▸ PROBLEM TO WORK ON: When you reach a picture, skip it, and retype every line below exactly.

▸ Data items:
--
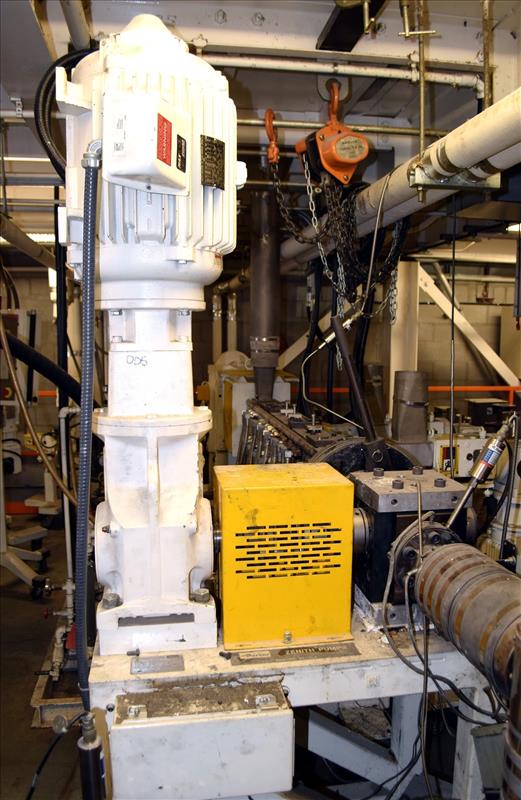 Zenith Gear Pump, Model 60-20000-2084-4. Capacity PEP II 100CC/revolution. Speed range 2.87 to 57.84. Driven by a 20hp, 3/60/460 volt, 1770 rpm motor with reducer. SO# 644002JM. Last used with a 40mm twin screw extruder.
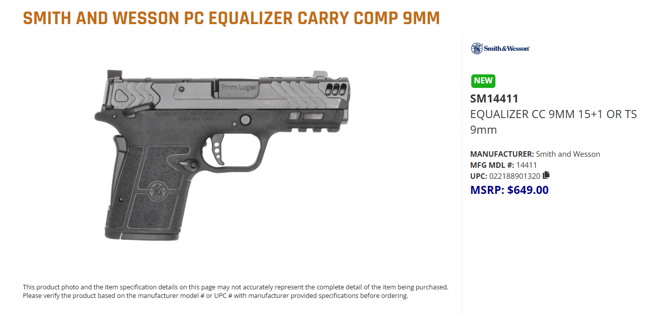 NEW S&W Smith and Wesson PC Equalizer Carry Comp 9mm 14411
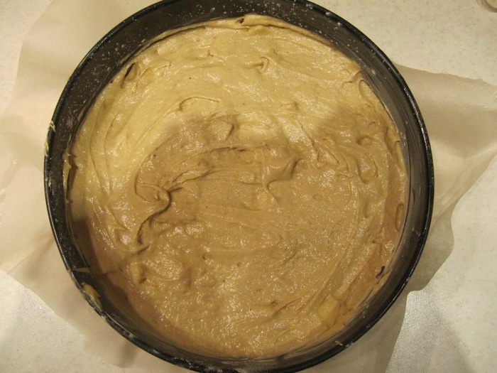 Вмешать яблоки в основное тесто.
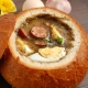 A hearty soup that combines all of the ingredients of a burrito bowl into a warm-hug of an appetizer. Soup contains nutritious red rice, protein-packed navy beans, sweet bell peppers, salsa verde and shredded chicken.
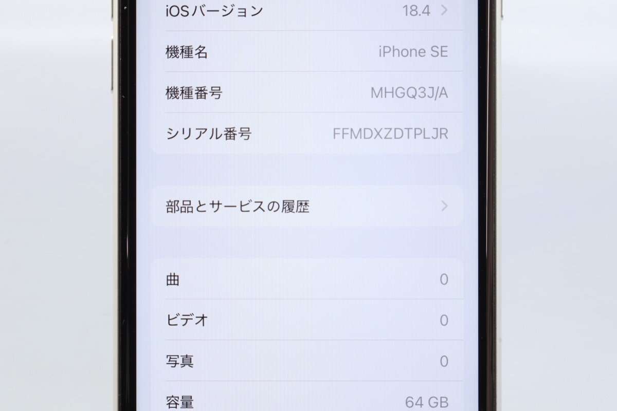 ■機種 : iPhoneSE 64GB (第2世代) White A2296 MHGQ3J/A
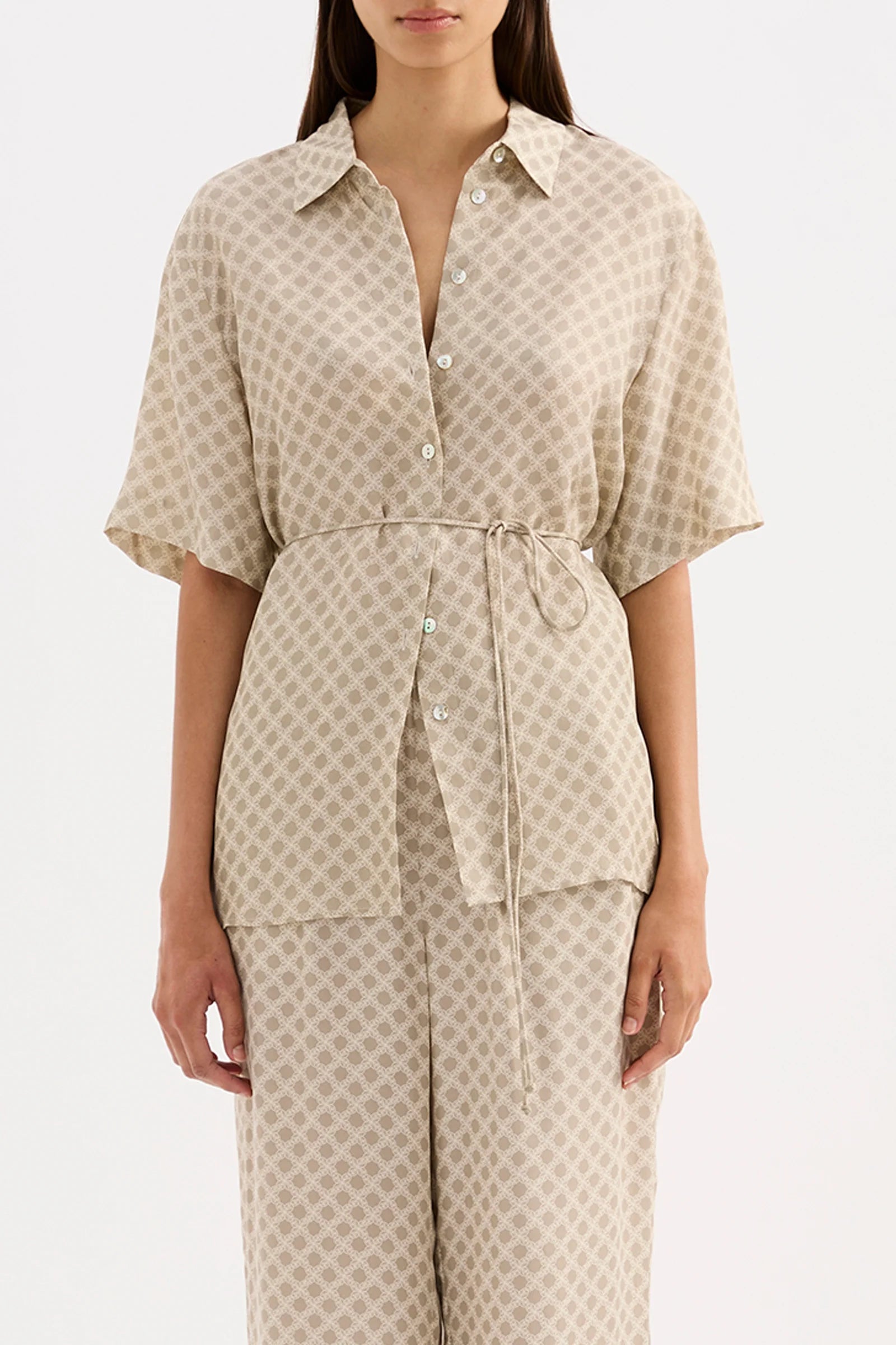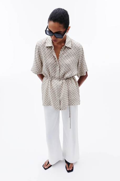 The Cosmos Cupro Shirt is made in our signature cupro fabrication in our exclusive Cosmos print. The silhouette is an oversized fit, with length finishing at the hip. Features include classic shirting details, back yoke, thin rouleau waist tie and shell buttons.
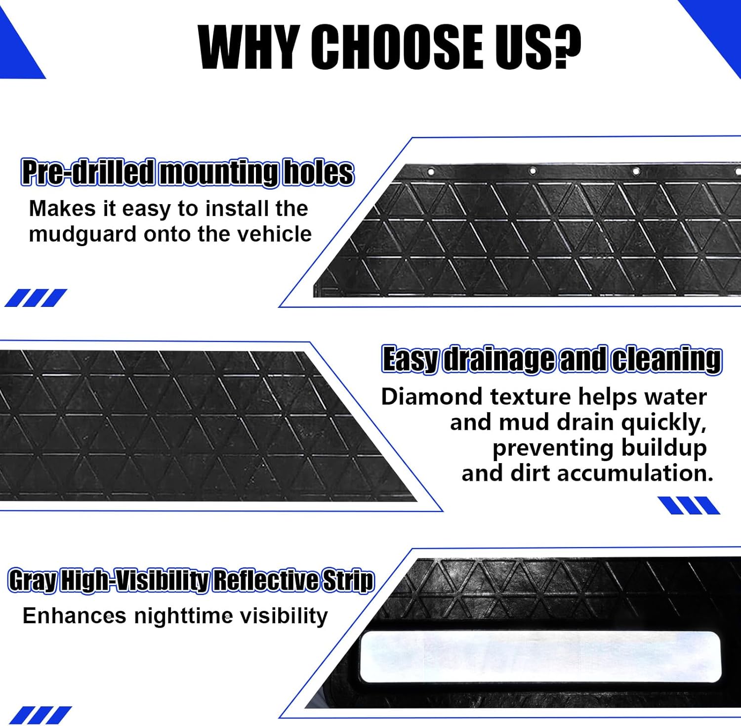 - All-Weather Protection:Effectively blocks mud, snow, slush, and road spray from being thrown up by your tires. This keeps your vehicle, trailer, and following cars cleaner while reducing corrosion and paint damage
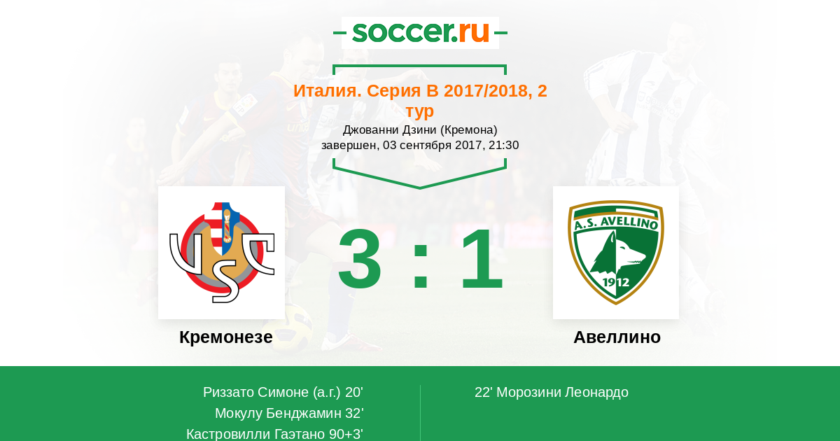 Кремонезе - Авеллино: обзор матча 3 сентября 2017
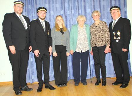 Das Foto zeigt von Links: Sebastian Otto (1. Vorsitzender), amtierendes Königspaar Robert Wendt und Elena Hoppe, Marianne Hoppe (75-jährige Jubelkönigin) und das 40-jährige Jubelkönigspaar Brunhilde und Martin Wendt
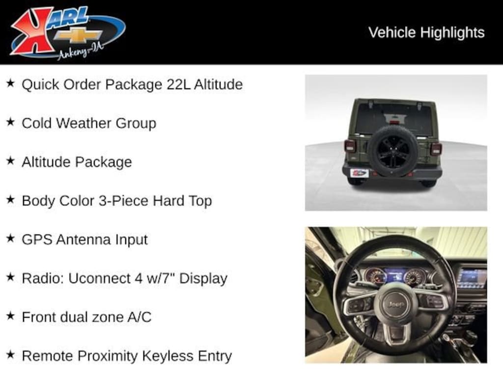 At Karl Chevrolet we want to help you find the best new or used car in Ankeny that suits your needs. Check out the 2021 Jeep Wrangler For Sale in Ankeny, IA. When you buy a new car at Karl Chevrolet you know you're finding a vehicle you can rely on. We have a great selection of Platinum Quality Pre-Owned Vehicles. We also pride ourselves in creating a friendly atmosphere and reliable new car dealership that you can trust. Call us with any questions about our 2021 Jeep Wrangler and our experts will be glad to help you! (515) 299-4300. *Equipment and options are generated by a 3rd party vendor, exact vehicle options may vary. Please see a salesperson for complete details and vehicle information.
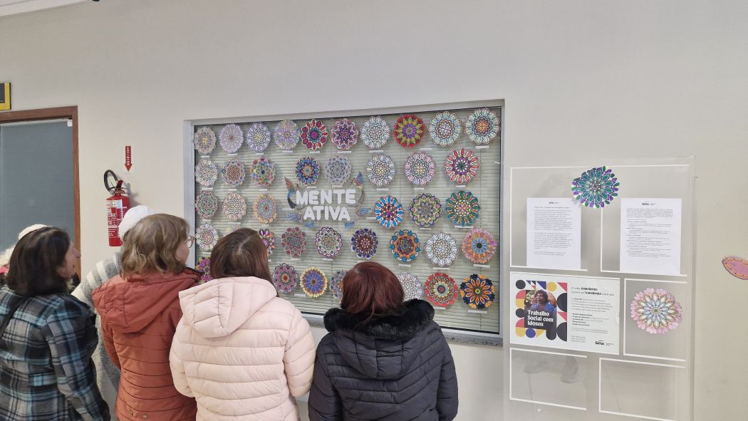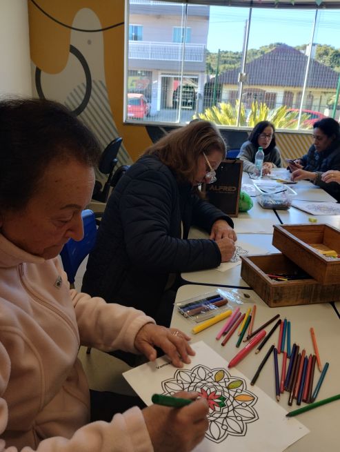 Durante o mês de junho, a Unidade do Sesc em São Joaquim desenvolveu uma atividade especial com os participantes do Programa Mente Ativa, unindo arte, estimulação cognitiva e bem-estar: a confecção e pintura de mandalas.
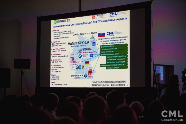 Руководитель Инжинирингового центра СПбПУ перечислил основные составляющие, позволившие добиться такого результата. В том числе, это постоянная работа с лидерами, в первую очередь, автомобильной промышленности, по выполнению проектов, о которых мир узнает в лучшем случае через год-два – это позволяет команде CompMechLab® все время оставаться «на фронтире» научных разработок. Еще одно преимущество - использование практически всех CAD / CAE / CFD / FSI / MBD / EMA / CAO / CAM / CAAM / HPC технологий, которые применяют все крупнейшие глобальные промышленные компании, - что с одной стороны, дает возможность мгновенно «встать на рельсы» практически любого заказчика, с другой стороны, комплексируя эти технологии, удается получить решение задачи, которая нередко относилась заказчиком к категории «нерешаемых». Кроме того, для эффективного управления процессами разработки и формирования цепочек технологий в ИЦ СПбПУ разработана собственная CML-SPDM система.
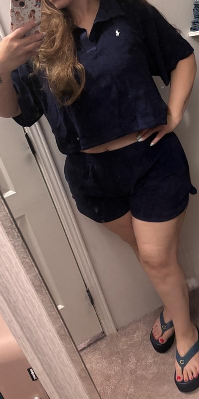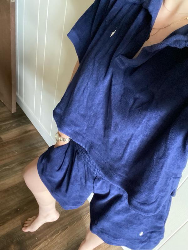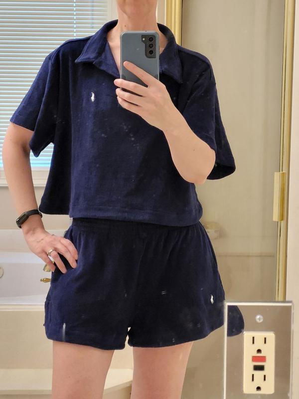The Polo Ralph Lauren terry does not disappoint. The material is soo soft!! a plush towel but way more breathable. It feels super luxe without being heavy or hot, which is exactly what I need for beach days and/ or poolside lounging. The shirt has a cropped oversized relaxed fit that gives off retro resort vibes, especially with the open collar. The shorts are the perfect length, flattering but not too short, and not to brag but I have a big butt and this covered all of it! It does have a drawstring waist that makes them super comfy and easy to slip on over a swimsuit. I’ve worn the set together for brunch right after leaving poolside. I got so many compliments, it just feels put together without trying too hard. Oh! And the color, love this deep almost navy blue color!😍 Fit: slightly oversized Use: Beach, resort wear, lounging Would I buy again? Absolutely!
--
▸ EXERCISE RESPONSE:
 Zenith Gear Pump, Model 60-20000-2084-4. Capacity PEP II 100CC/revolution. Speed range 2.87 to 57.84. Driven by a 20hp, 3/60/460 volt, 1770 rpm motor with reducer. SO# 644002JM. Last used with a 40mm twin screw extruder.
 NEW S&W Smith and Wesson PC Equalizer Carry Comp 9mm 14411
 Вмешать яблоки в основное тесто.
 A hearty soup that combines all of the ingredients of a burrito bowl into a warm-hug of an appetizer. Soup contains nutritious red rice, protein-packed navy beans, sweet bell peppers, salsa verde and shredded chicken.
 ■機種 : iPhoneSE 64GB (第2世代) White A2296 MHGQ3J/A
 The Cosmos Cupro Shirt is made in our signature cupro fabrication in our exclusive Cosmos print. The silhouette is an oversized fit, with length finishing at the hip. Features include classic shirting details, back yoke, thin rouleau waist tie and shell buttons.
 - All-Weather Protection:Effectively blocks mud, snow, slush, and road spray from being thrown up by your tires. This keeps your vehicle, trailer, and following cars cleaner while reducing corrosion and paint damage
 Кремонезе - Авеллино: обзор матча 3 сентября 2017
 Das Foto zeigt von Links: Sebastian Otto (1. Vorsitzender), amtierendes Königspaar Robert Wendt und Elena Hoppe, Marianne Hoppe (75-jährige Jubelkönigin) und das 40-jährige Jubelkönigspaar Brunhilde und Martin Wendt
 At Karl Chevrolet we want to help you find the best new or used car in Ankeny that suits your needs. Check out the 2021 Jeep Wrangler For Sale in Ankeny, IA. When you buy a new car at Karl Chevrolet you know you're finding a vehicle you can rely on. We have a great selection of Platinum Quality Pre-Owned Vehicles. We also pride ourselves in creating a friendly atmosphere and reliable new car dealership that you can trust. Call us with any questions about our 2021 Jeep Wrangler and our experts will be glad to help you! (515) 299-4300. *Equipment and options are generated by a 3rd party vendor, exact vehicle options may vary. Please see a salesperson for complete details and vehicle information.
 Durante o mês de junho, a Unidade do Sesc em São Joaquim desenvolveu uma atividade especial com os participantes do Programa Mente Ativa, unindo arte, estimulação cognitiva e bem-estar: a confecção e pintura de mandalas.
 Руководитель Инжинирингового центра СПбПУ перечислил основные составляющие, позволившие добиться такого результата. В том числе, это постоянная работа с лидерами, в первую очередь, автомобильной промышленности, по выполнению проектов, о которых мир узнает в лучшем случае через год-два – это позволяет команде CompMechLab® все время оставаться «на фронтире» научных разработок. Еще одно преимущество - использование практически всех CAD / CAE / CFD / FSI / MBD / EMA / CAO / CAM / CAAM / HPC технологий, которые применяют все крупнейшие глобальные промышленные компании, - что с одной стороны, дает возможность мгновенно «встать на рельсы» практически любого заказчика, с другой стороны, комплексируя эти технологии, удается получить решение задачи, которая нередко относилась заказчиком к категории «нерешаемых». Кроме того, для эффективного управления процессами разработки и формирования цепочек технологий в ИЦ СПбПУ разработана собственная CML-SPDM система.
The Polo Ralph Lauren terry does not disappoint. The material is soo soft!! a plush towel but way more breathable. It feels super luxe without being heavy or hot, which is exactly what I need for beach days and/ or poolside lounging. The shirt has a cropped oversized relaxed fit that gives off retro resort vibes, especially with the open collar. The shorts are the perfect length, flattering but not too short, and not to brag but I have a big butt and this covered all of it! It does have a drawstring waist that makes them super comfy and easy to slip on over a swimsuit. I’ve worn the set together for brunch right after leaving poolside. I got so many compliments, it just feels put together without trying too hard. Oh! And the color, love this deep almost navy blue color!😍 Fit: slightly oversized Use: Beach, resort wear, lounging Would I buy again? Absolutely!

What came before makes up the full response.